Türkiye’de özellikle 12 Eylül darbesinde Amerika’nın rolü üzerine çok yazıldı ve çizildi. 12 Eylül’de gerçekleştirilen darbe, Türkiye’nin bugünkü toplumsal yapısının da temelini attı. Dulles kardeşlerin bir başka özelliği de dindarlıklarıydı. Bu bakış onların ve ülkenin dış politikasını biçimlendirdi.
Bugüne dönersek, şu anda Türkiye’nin Amerikan çıkarlarını tehdit eden bir duruşu yok. Evet, Amerikan yönetimi Erdoğan’dan hazzetmiyor. Baskıcı tavrını beğenmiyor. Ama bu darbe için geçerli bir neden değil. Sonuçta darbeyle demokrasinin gelmeyeceği de gerçek.

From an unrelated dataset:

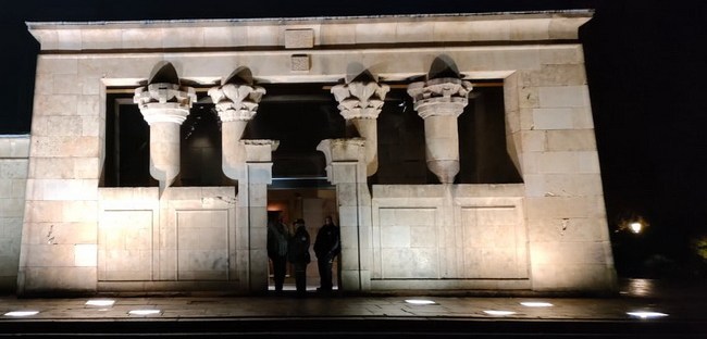 Questo suggestivo tempionon si trova, come verrebbe naturale supporre, in Egitto bensì a Madrid. Siamo nel 1960. La costruzione della Grande Diga di Assuan, minacciava di sommergere i Templi della Bassa Nubia . L’UNESCO, in stretta collaborazione con i governi d’Egitto e Sudan, convocò la comunità internazionale affinché ci si adoperasse per il salvataggio di questo straordinario patrimonio storico e artistico, provvedendo allo smontaggio e alla traslazione in posizione sicura, rispetto all’innalzamento del livello delle acque. Il tempio di Debod, destinato a essere donato ad un Paese straniero per il sostegno al progetto di recupero, fu il primo a essere smantellato e le sue sezioni depositate sull’isola di Elefantina, ad Assuan. Nel 1968, il governo egiziano deliberò la sua donazione alla Spagna, per l’aiuto prestato nel salvataggio dei Templi di Abu Simbel. Due anni dopo, i blocchi furono trasferiti ad Alessandria dove furono imbarcati verso la nuova destinazione. La ricostruzione a Madrid ebbe inizio nel 1970 e nei mesi seguenti si provvide a impiantare giardini e realizzare degli stagni; furono montati i blocchi nubiani e ricostruite fedelmente le parti mancanti. Nel luglio del 1972, il tempio fu aperto al pubblico.

Üstelik bölgede ve Türkiye’de her istediğini yaptırabiliyor bu yönetime. Bunu yaparken zorlanıyor ara sıra ama bu yeni bir olgu değil. Türkiye hep zorluk çıkaran bir müttefik olmuştur. Üstelik, böyle bir darbenin altyapısını hazırlayacak olan CIA, başta Suriye olmak üzere bölgenin birçok yerinde MİT ile iş birliği yapıyor.
Türk Silahlı Kuvvetleri ulusal bir ordu kadar 60 yılı aşkın bir süredir bir NATO ordusudur. Bunu unutmamak lazım…

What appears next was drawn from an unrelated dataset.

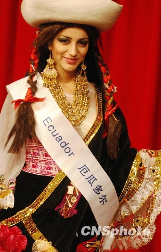 图为2010年全球小姐各国参赛佳丽展示风格各异的国服。中新社发 钱兴强 摄

Erdoğan yönetiminin Amerikan şirketlerinin çıkarlarını tehlikeye sokacak bir karar ve uygulaması da yok. Rus uçağının düşürülmesinden sonra tamamen Batı’ya bağımlı hale gelmesi Amerika’nın çıkarına uygun düşüyor üstelik.
Asker açısından da aynı nedenler geçerli. Türkiye’yi sadece Türk-İslam sentezinin yaşatacağına ikna olmuş durumdalar. Tüm insan hakları ihlalleri AKP’nin üzerine kalıyor, Silahlı Kuvvetlerin imajı zarar görmüyor.
O yüzden darbe spekülasyonu yapmak sadece Saray’a yarar şu anda.